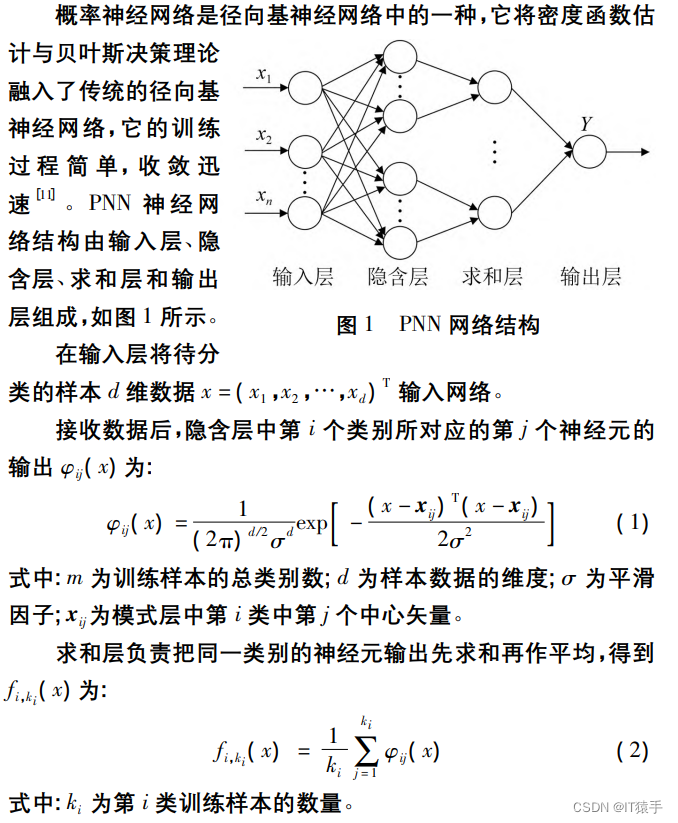 概率神经网络(Probabilistic Neural Network,PNN)是径向基网络的一个分支,属于前馈神经网络,是一种4层结构的概率型神经网络,包括输入层、隐含层、求和层和输出层。
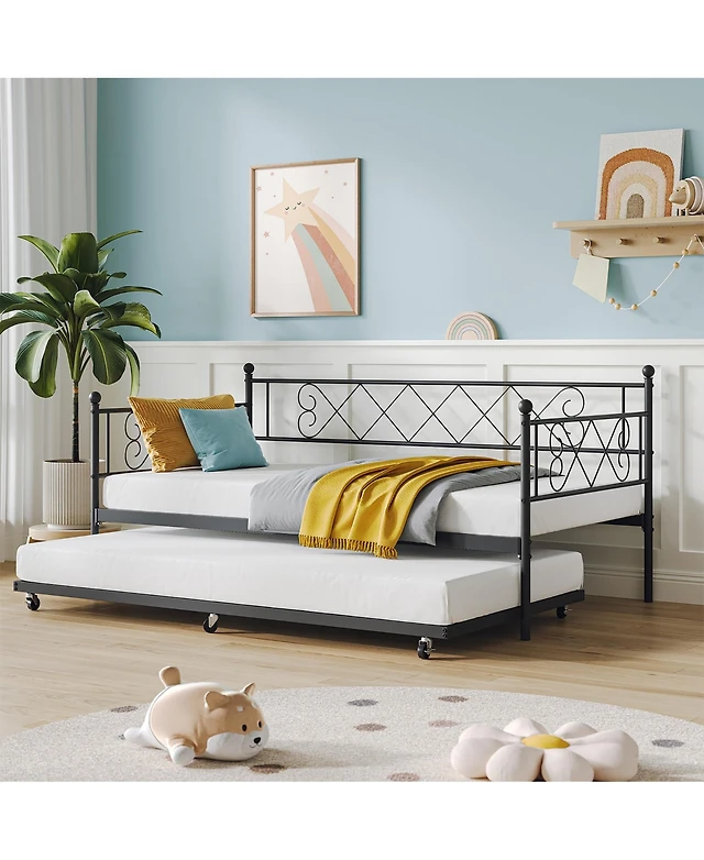 gaomon Twin Daybed with Trundle, Metal Twin Size Daybed with Pullout Trundle 6 Casters, Steel Slat Support Sofa Bed for Living Room, Bedroom, Guest Ro
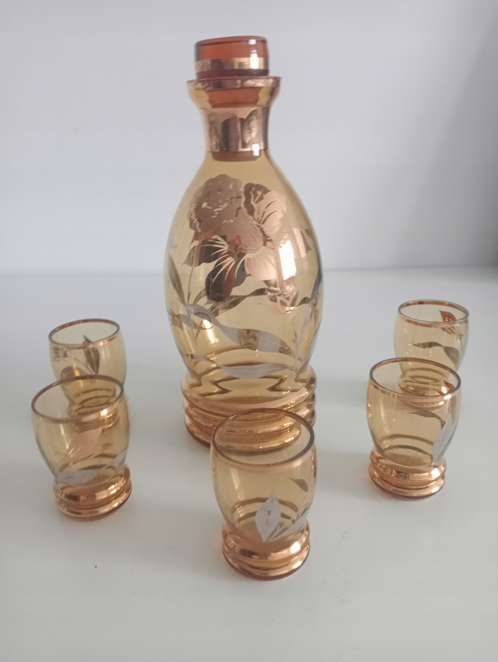 Унікальний набір графин і 5 склянок з бурштинового скла, прикрашеного золотим рослинним візерунком і золотими смугами на графині і склянках, пробка прикрашена золотою смугою. Стакан виготовлений в Чехії в 1960-х роках.
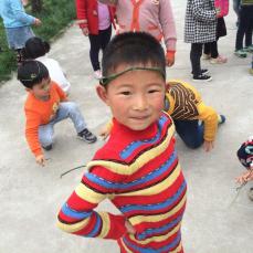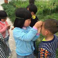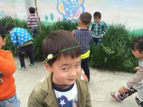 草环编好了,我们还想更美一点,夹上一朵野花吧!是不是更好看了呢?一场与草的亲密接触,我们都来秀一下!孩子们美美的照片都布置在教室的墙面上。
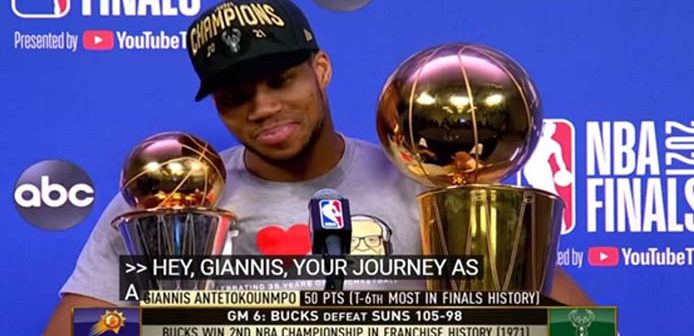 Ο λόγος φυσικά για τον Γιάννη Αντετοκούνμπο, που ακόμη και στη μεγαλύτερη στιγμή της καριέρας του θέλησε να στείλει το μήνυμά του σε όλα τα παιδιά του κόσμου, τονίζοντας πως όλοι πρέπει να πιστεύουν στα όνειρά τους μέχρι τέλους.
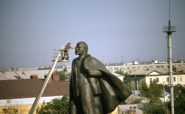 Вот, к примеру, Лоренс запечатлел из окна гостиничного номера, как моют статую Ленина. В наши дни на постаменте вместо вождя располагается памятник Абаю.
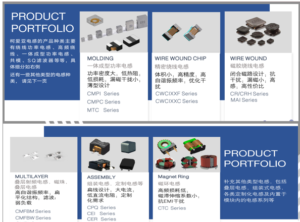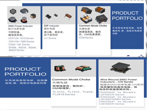 产品:功率电感,NR电感、Tcode一体成型电感,高频绕线电感, CCM共模电感.
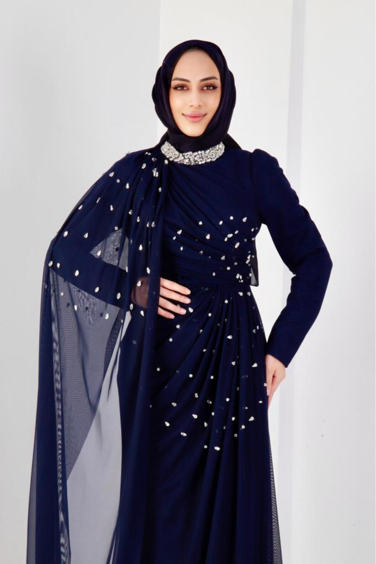 Kadın Tesettür Abiye - Berrak Taşlı Abiye - Pelerinli Abiye - Düğünlük Abiye - Lacivert Abiye Kadın Tesettür Abiye - Berrak Taşlı Abiye - Pelerinli Abiye - Düğünlük Abiye - Lacivert Abiye D5399-1 46
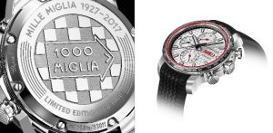 Il cronografo automatico Race Dition in mille esemplari certificati cronometro, ø 44 mm w.r. m.100, ha dettagli che si collegano al mondo dei motori, compreso il cinturino ispirato alle Dunlop; la lunetta ha inserti in alluminio nero, il fondello con il logo e la dicitura della 90^edizione. Non c’è l’edizione in oro, risultato dei tempi, ma per un evento sportivo come la Mille Miglia, l’oro è un di più, meglio l’acciaio.o l’acciai e l’oro rosa.
□ □ □ □ □ □ □
▶ **WHAT IS BEING ASKED**
Starting at the line that holds "Ο λόγος φυσικά", retype every line through the end of the data, both ends included. Pictures stay out of the copy.

▶ **SOLUTION TO THIS PROBLEM**
 Ο λόγος φυσικά για τον Γιάννη Αντετοκούνμπο, που ακόμη και στη μεγαλύτερη στιγμή της καριέρας του θέλησε να στείλει το μήνυμά του σε όλα τα παιδιά του κόσμου, τονίζοντας πως όλοι πρέπει να πιστεύουν στα όνειρά τους μέχρι τέλους.
 Вот, к примеру, Лоренс запечатлел из окна гостиничного номера, как моют статую Ленина. В наши дни на постаменте вместо вождя располагается памятник Абаю.
 产品:功率电感,NR电感、Tcode一体成型电感,高频绕线电感, CCM共模电感.
 Kadın Tesettür Abiye - Berrak Taşlı Abiye - Pelerinli Abiye - Düğünlük Abiye - Lacivert Abiye Kadın Tesettür Abiye - Berrak Taşlı Abiye - Pelerinli Abiye - Düğünlük Abiye - Lacivert Abiye D5399-1 46
 Il cronografo automatico Race Dition in mille esemplari certificati cronometro, ø 44 mm w.r. m.100, ha dettagli che si collegano al mondo dei motori, compreso il cinturino ispirato alle Dunlop; la lunetta ha inserti in alluminio nero, il fondello con il logo e la dicitura della 90^edizione. Non c’è l’edizione in oro, risultato dei tempi, ma per un evento sportivo come la Mille Miglia, l’oro è un di più, meglio l’acciaio.o l’acciai e l’oro rosa.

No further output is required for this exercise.